Study Short-Form 36 scores improved during initial 3 months of treatment to level of general population
WEDNESDAY, June 22, 2016 (HealthDay News) — Vitamin K antagonists (VKA) are well tolerated and have a minimal effect on quality of life, according to a study published online June 21 in Circulation: Cardiovascular Quality and Outcomes.
Hilde A.M. Kooistra, M.D., from the University of Groningen in the Netherlands, and colleagues conducted a prospective cohort study involving 240 new and 567 long-term VKA users. Using the validated Study Short-Form 36 and Perception of Anticoagulant Treatment Questionnaire, they measured general quality of life and VKA perception scores at inclusion and at three months.

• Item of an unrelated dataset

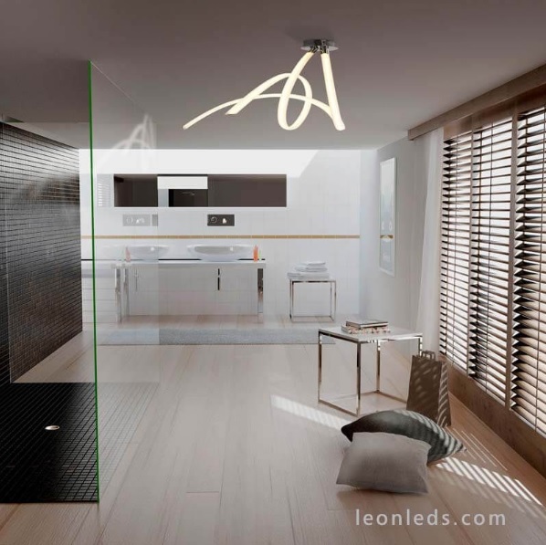 Una de las series que cumple por completo con este precepto es Armonía, una colección diseñada por José I. Ballester, en la que las lámparas de techo se presentan con tubos con tiras de led en su interior, curvados, entrelazados y fijos.

The researchers found that during the initial three months, Study Short-Form 36 scores improved in the new patients to a level comparable with the general population. The median convenience score was 95 at three months and was higher in older patients and lower after bleeding. The median satisfaction score was 64. VKA perception scores were highly comparable for long-term patients and new patients. There was mild improvement in the convenience score for patients with increased individual time in therapeutic range; in patients with new comedication, satisfaction scores decreased.
“VKA were well tolerated in real life, and the influences of patient- and treatment-related factors on VKA perception were very limited,” the authors write.
Several authors disclosed financial ties to the pharmaceutical industry.